At Monash University’s BrainPark, a team of experts, including exercise physiologists, psychologists, and clinical neuroscientists, understand that adopting exercise as a lifestyle choice is a personal and complex process. Drawing from behavioural research and practical experience, BrainPark offers valuable tips to empower individuals in their physical activity journey, going beyond the physical aspects to promote mental reflections.

Brainpark’s Top Tips for Regular Exercise

  1. Reflect on your WHY: Understanding your core purpose, goals, and ambitions regarding physical activity is crucial. Your relationship with exercise can extend beyond mere frequency. For example, you might exercise to be a role model for your family, improve your mood and stress management, enhance cognitive abilities, or experience greater physical and mental vitality. Before deciding on specific exercises, identify your WHY. Regularly reflect on it, write it down, or find an image that symbolises it as a daily inspiration and reminder. Your WHY will serve as a motivational touchstone to overcome common barriers to exercise.

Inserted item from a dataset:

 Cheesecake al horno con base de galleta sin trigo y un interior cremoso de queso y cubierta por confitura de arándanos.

  2. Reflect on your WHAT: When starting your journey toward an active lifestyle, prioritise activities that are sustainable. The key factor in choosing exercise is finding something you can do regularly and enjoy. This may involve a combination of activities. Consider what exercise ingredients have worked for you in the past and what hasn’t. For example, if you enjoy socialising, pair it with exercise by walking with a friend or initiating a jogging challenge with a neighbour. If your job keeps you busy, schedule exercise on your least hectic days, such as weekends. If accessing a gym is challenging, opt for regular walks or runs, which are accessible and require minimal financial investment.
  3. Make small, easy changes: Incorporating exercise into your existing lifestyle is more likely to lead to regularity than making drastic changes. Start with manageable adjustments and gradually increase your activity level over time. For instance, increasing exercise frequency over several months is more sustainable and rewarding than attempting to go from zero days per week to seven and then quitting due to an inability to maintain that intensity.

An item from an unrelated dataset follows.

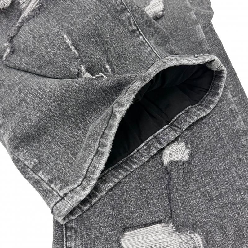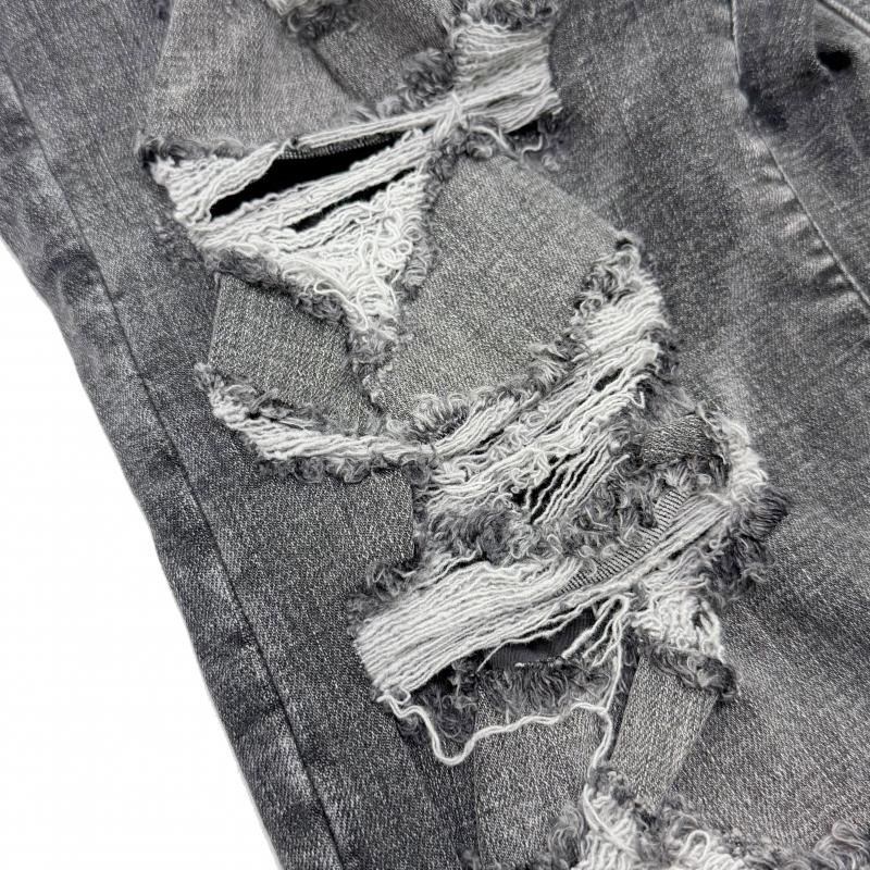 前後にダメージ加工を施した程よい太さのワイドシルエットのデニムパンツ。

  4. Be patient: Focus on consistency, not perfection. Exercising “imperfectly” for decades far outweighs sporadic periods of “perfect” exercise. Building a physically active lifestyle is a long-term endeavour. The health benefits of regular exercise are significant compared to infrequent, intense workouts. If faced with a choice between a 30-minute walk after dinner on weekdays or an occasional intense gym session, prioritise consistency by choosing the walk.
  5. Embrace adaptability: There will always be reasons to skip exercise—fatigue, weather conditions, time constraints, etc. Having pre-prepared plans to navigate these obstacles increases the likelihood of staying active. Create and reflect on “if-then” plans. For example, if you’re tired, opt for a walk instead of a jog (adjusting intensity or duration). If it’s raining and your outdoor activity is cancelled, switch to a yoga class (altering the exercise environment). If you’re short on time, choose a 15-minute online session instead of a 30-minute one (committing to a time that suits your availability).
  6. Seek professional guidance: If you’re unsure about the best exercise strategy for you, consult a local exercise professional. While there may be initial out-of-pocket expenses, their guidance can significantly enhance your self-management skills in the long term.